Q: What is meant by “its taxonomic relationships”: is this what the calls CPB “taxonomic status” (and the EU Directives “taxonomy”) or does it refer to crossable species of maize or both?

Line 313: “its ecological function”:

Q: to what does this refer? the ecological function of maize as grown as a crop or the ecological function of the wild relatives?

Line 314: “whether it is a component of biological diversity that is important for the conservation and sustainable use of biological diversity”.

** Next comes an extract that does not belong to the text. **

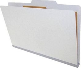 -. Feature : This classification file folder has one divider and four filing sections. / It has a 2/5 Cut right-of-center top tab for drawer filing. / It is legal size to hold 8-1/2" x 14" documents. / This folder is made of 25 pt light grey pressboard stock and has one 17 pt kraft dividers with duo fasteners. / BUY 5, SAVE 10%

Q: What would be an example of a non modified crop plant that is a component of biological diversity that is important for the conservation and sustainable use of biological diversity?

Line 318: “ Characteristics related to the transformation method, including the characteristics of the vector such as its identity, source or origin and host range”

Q: Is this information also necessary if none of the vector DNA went into the final LMO?

Line 323: “with particular attention to characteristics in the recipient organism that could cause adverse effects”

Q: What does this mean? Does this mean that for maize, for example, there are none?

Line 326: “characteristics of the modified genetic elements”

Q: what does this mean? Example please

Line 412: "biogeographic".

Q: What is the definition of this term?

Line 466: "the behaviour of agricultural or relevant wild-type populations of unmodified animal or insect species, including interactions between predators and prey, disease transmission and interaction with humans or animal species; "

Q:What is meant by « behavior »? How would would determine what are relevant wild-type populations?

Line 507:

Q: what does the term 'broader' mean here, what is the definition of landscape considerations, how are cumulative effects related to these considerations, and why are these mentioned in particular?

Line 562: (d) 'Ability to identify, evaluate and confine adverse effects as well as to take appropriate response measures':

Q: does this refer to the ability, so the 'capability' of the risk assessor?

Line 1418: definition of cumulative effects.

Q: What is the difference between cumulative and additive (see definition of "combinatorial effects").